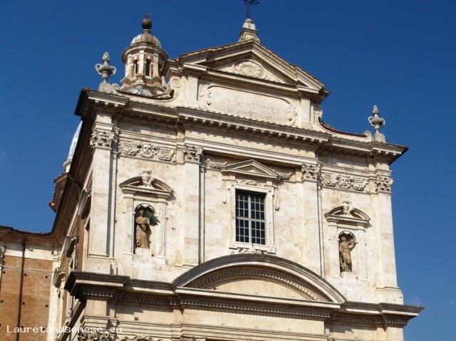 In the center, the portal is surmounted by an arched tympanum and a rectangular window, while on the sides there are four niches with statues of saints. Inside there are numerous works of art. The main altar houses the miraculous terracotta bust with the Madonna of Provenzano, surrounded by a Glory by Giovan Battista Querci.
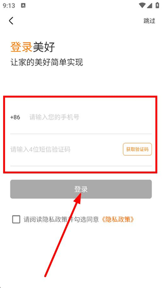 4、在登录页面,输入手机号,获取验证码,点击登录,完成账号登录。
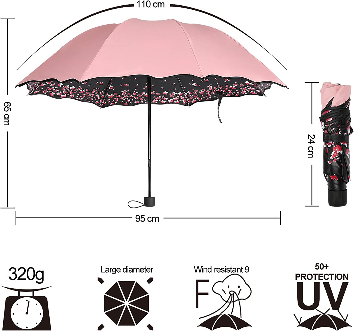 Compact and Portable: The length of the sakura umbrella is 95cm and the unfolded length is 110cm the weight of the umbrella is 320g. Keep the personal umbrella in your bag in case of rain or snow.
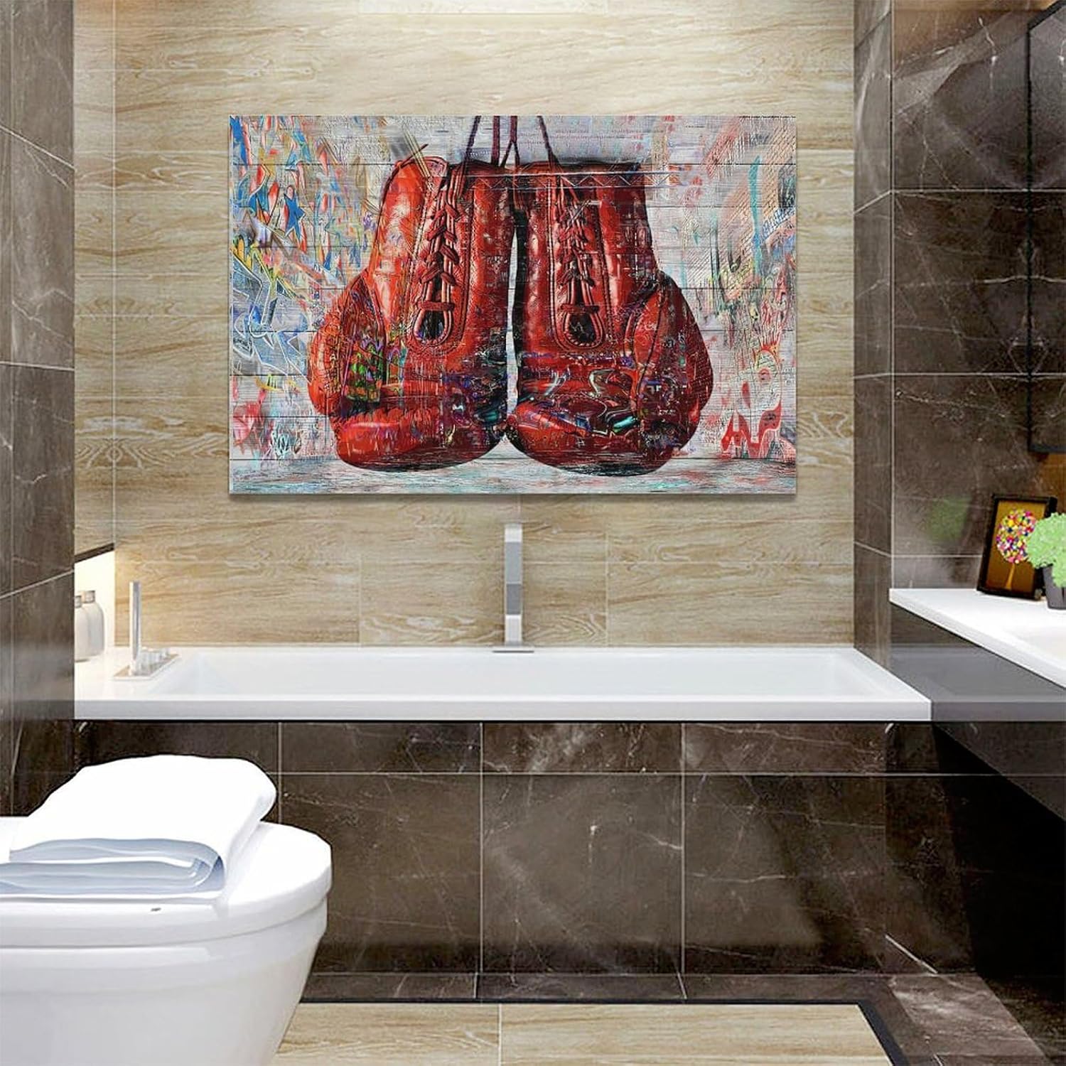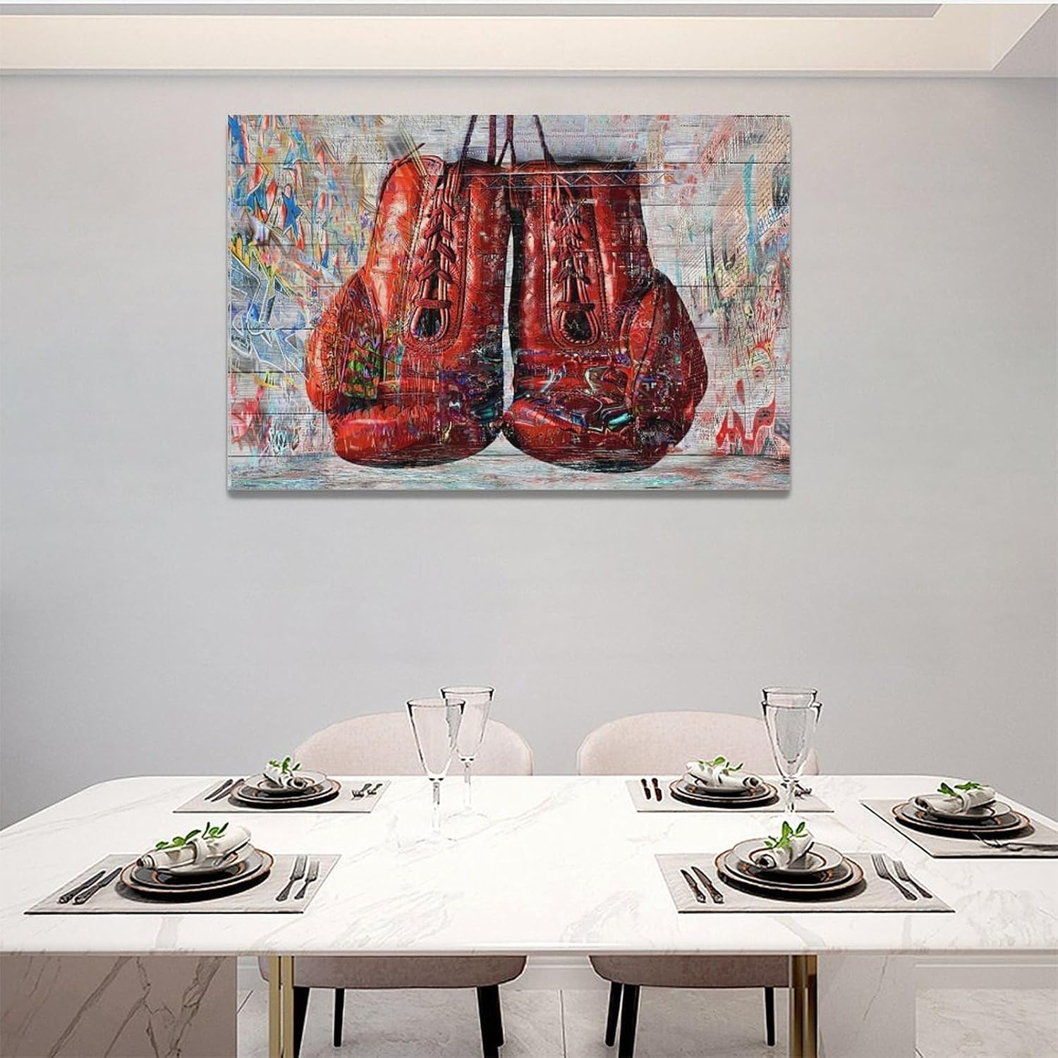 Quorin Banksy Graffiti Boxing Wall Art Red Boxing Gloves Pictures Gym Sport Wall Decor Canvas Print Painting Artwork for Gym Living Room Bedroom 16"x24"

Work order: Would you repeat the material exactly, keeping out any pictures?

Written answer:
 In the center, the portal is surmounted by an arched tympanum and a rectangular window, while on the sides there are four niches with statues of saints. Inside there are numerous works of art. The main altar houses the miraculous terracotta bust with the Madonna of Provenzano, surrounded by a Glory by Giovan Battista Querci.
 4、在登录页面,输入手机号,获取验证码,点击登录,完成账号登录。
 Compact and Portable: The length of the sakura umbrella is 95cm and the unfolded length is 110cm the weight of the umbrella is 320g. Keep the personal umbrella in your bag in case of rain or snow.
 Quorin Banksy Graffiti Boxing Wall Art Red Boxing Gloves Pictures Gym Sport Wall Decor Canvas Print Painting Artwork for Gym Living Room Bedroom 16"x24"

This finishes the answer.